> **Required action**
Take from the entries below the stretch from the line with "Un’affascinante collezione di" through the line with "从媒体实测加速性能(扯桌布)", and return it exactly, leaving the pictures out.

*** Source information ***

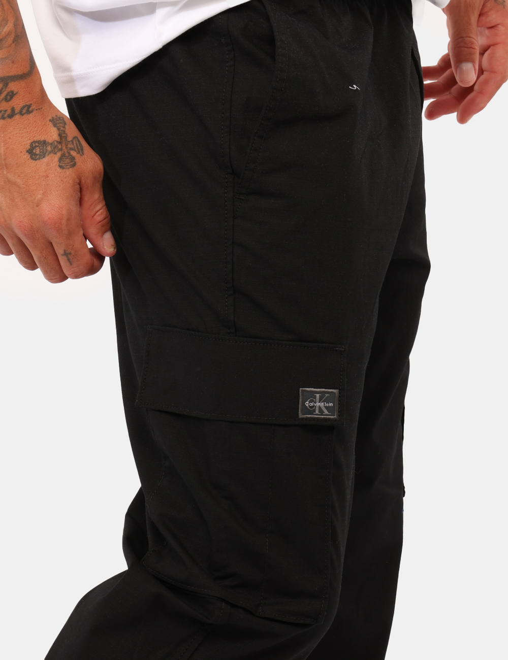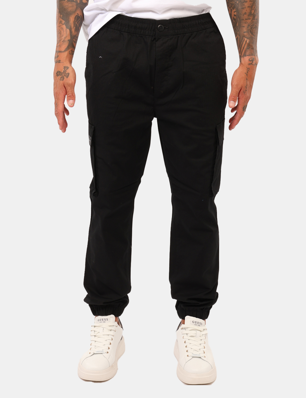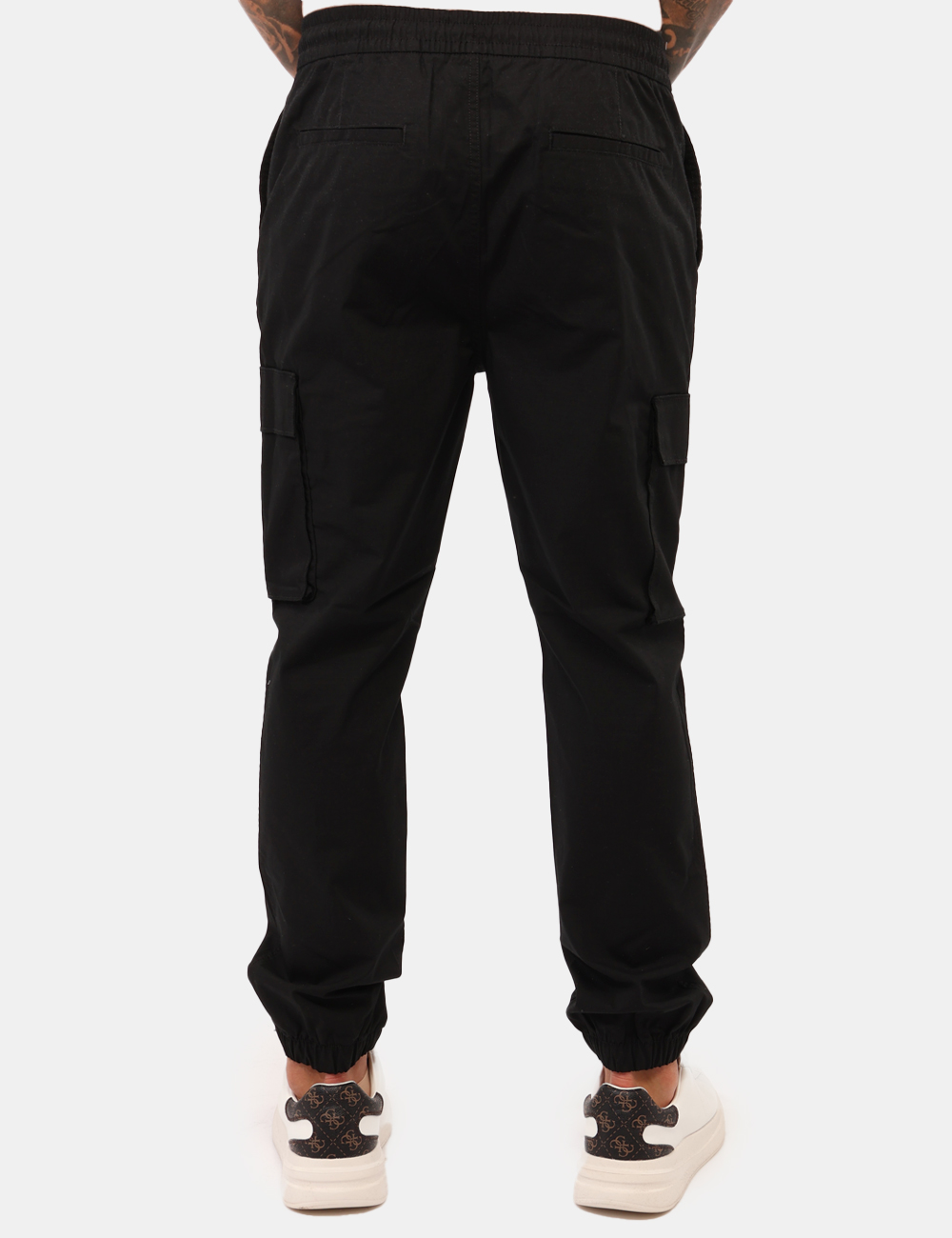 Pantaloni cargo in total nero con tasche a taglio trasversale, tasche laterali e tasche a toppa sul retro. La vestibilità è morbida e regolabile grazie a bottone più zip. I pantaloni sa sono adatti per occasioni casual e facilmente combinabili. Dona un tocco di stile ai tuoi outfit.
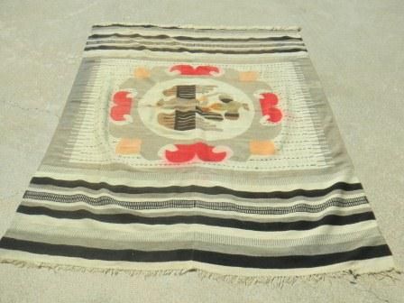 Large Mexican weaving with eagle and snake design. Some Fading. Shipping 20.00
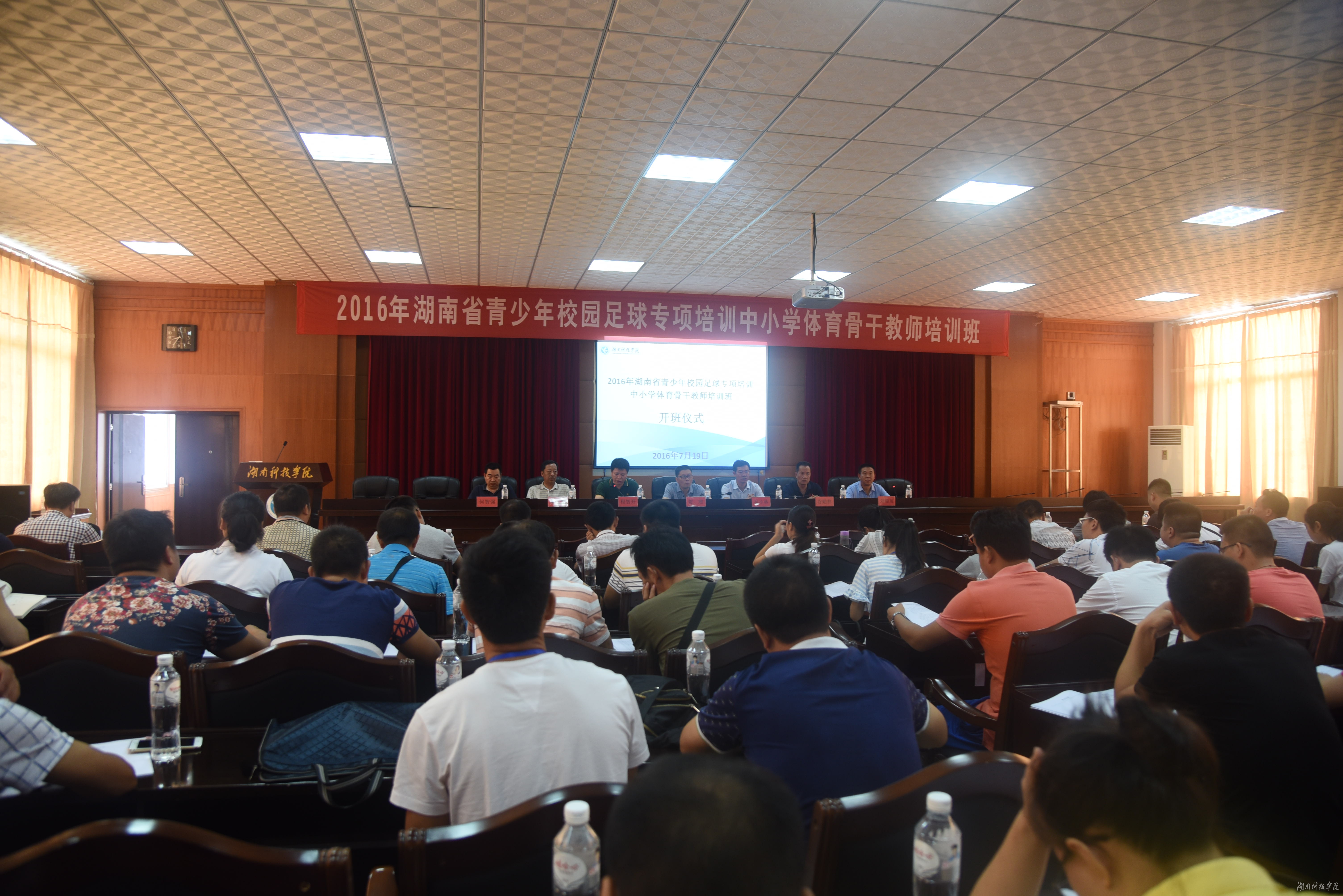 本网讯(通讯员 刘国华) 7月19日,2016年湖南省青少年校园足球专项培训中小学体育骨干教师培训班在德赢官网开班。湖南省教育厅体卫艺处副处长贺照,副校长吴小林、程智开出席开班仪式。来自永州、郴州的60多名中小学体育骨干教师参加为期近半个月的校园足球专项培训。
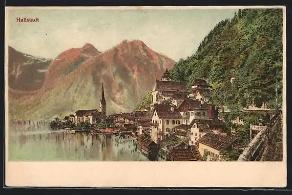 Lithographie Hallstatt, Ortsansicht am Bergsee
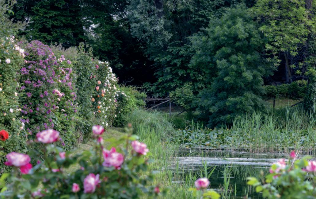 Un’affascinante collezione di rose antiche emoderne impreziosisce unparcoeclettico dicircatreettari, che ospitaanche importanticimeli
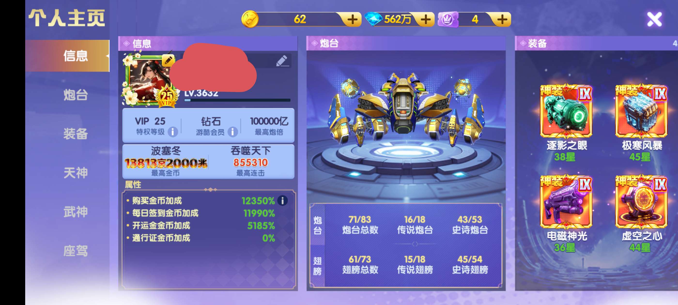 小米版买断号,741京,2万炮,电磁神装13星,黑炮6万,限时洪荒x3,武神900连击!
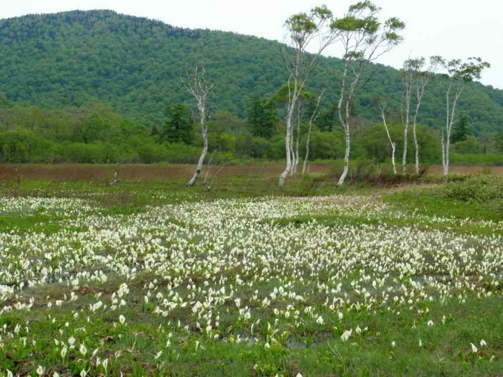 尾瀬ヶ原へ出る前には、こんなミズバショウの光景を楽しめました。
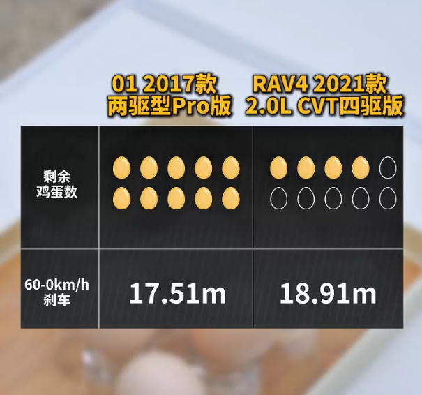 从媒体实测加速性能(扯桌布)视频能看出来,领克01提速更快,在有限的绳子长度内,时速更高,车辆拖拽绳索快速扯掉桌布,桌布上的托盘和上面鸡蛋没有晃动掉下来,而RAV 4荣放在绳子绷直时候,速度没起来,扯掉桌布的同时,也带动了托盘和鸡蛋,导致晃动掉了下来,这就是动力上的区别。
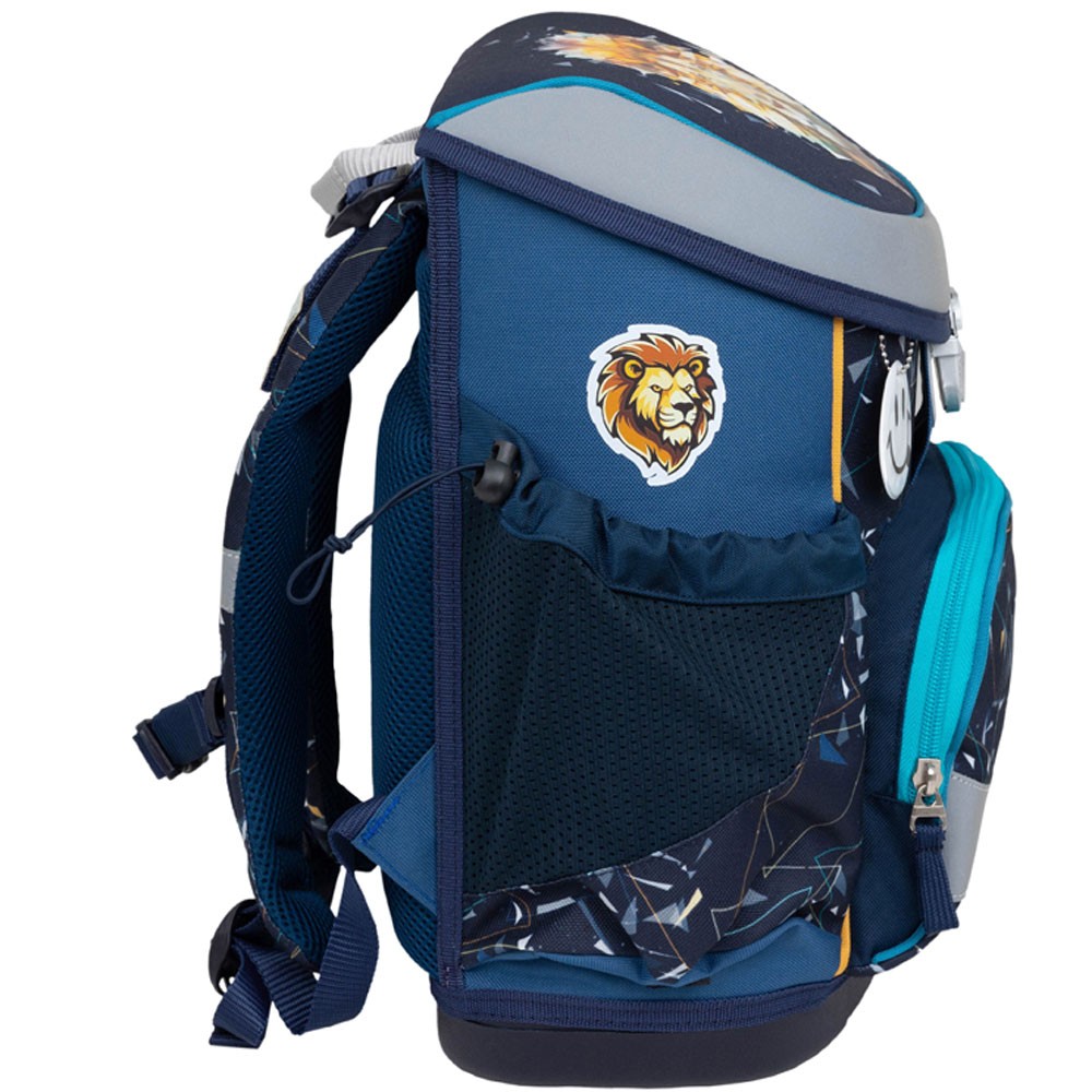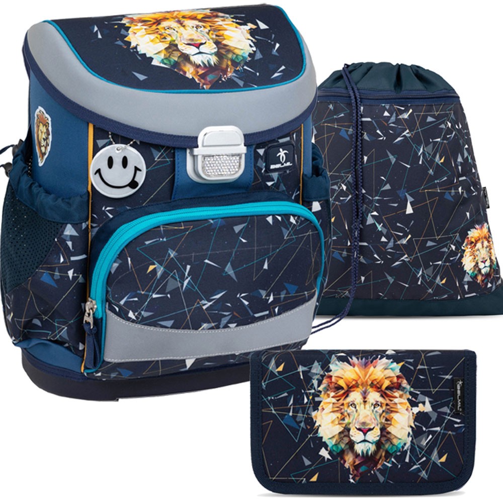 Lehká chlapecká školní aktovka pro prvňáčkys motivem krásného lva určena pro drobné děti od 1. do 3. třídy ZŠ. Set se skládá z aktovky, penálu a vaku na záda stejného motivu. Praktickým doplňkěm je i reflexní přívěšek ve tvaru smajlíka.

*** End of Source information ***

> **Task result**
 Un’affascinante collezione di rose antiche emoderne impreziosisce unparcoeclettico dicircatreettari, che ospitaanche importanticimeli
 小米版买断号,741京,2万炮,电磁神装13星,黑炮6万,限时洪荒x3,武神900连击!
 尾瀬ヶ原へ出る前には、こんなミズバショウの光景を楽しめました。
 从媒体实测加速性能(扯桌布)视频能看出来,领克01提速更快,在有限的绳子长度内,时速更高,车辆拖拽绳索快速扯掉桌布,桌布上的托盘和上面鸡蛋没有晃动掉下来,而RAV 4荣放在绳子绷直时候,速度没起来,扯掉桌布的同时,也带动了托盘和鸡蛋,导致晃动掉了下来,这就是动力上的区别。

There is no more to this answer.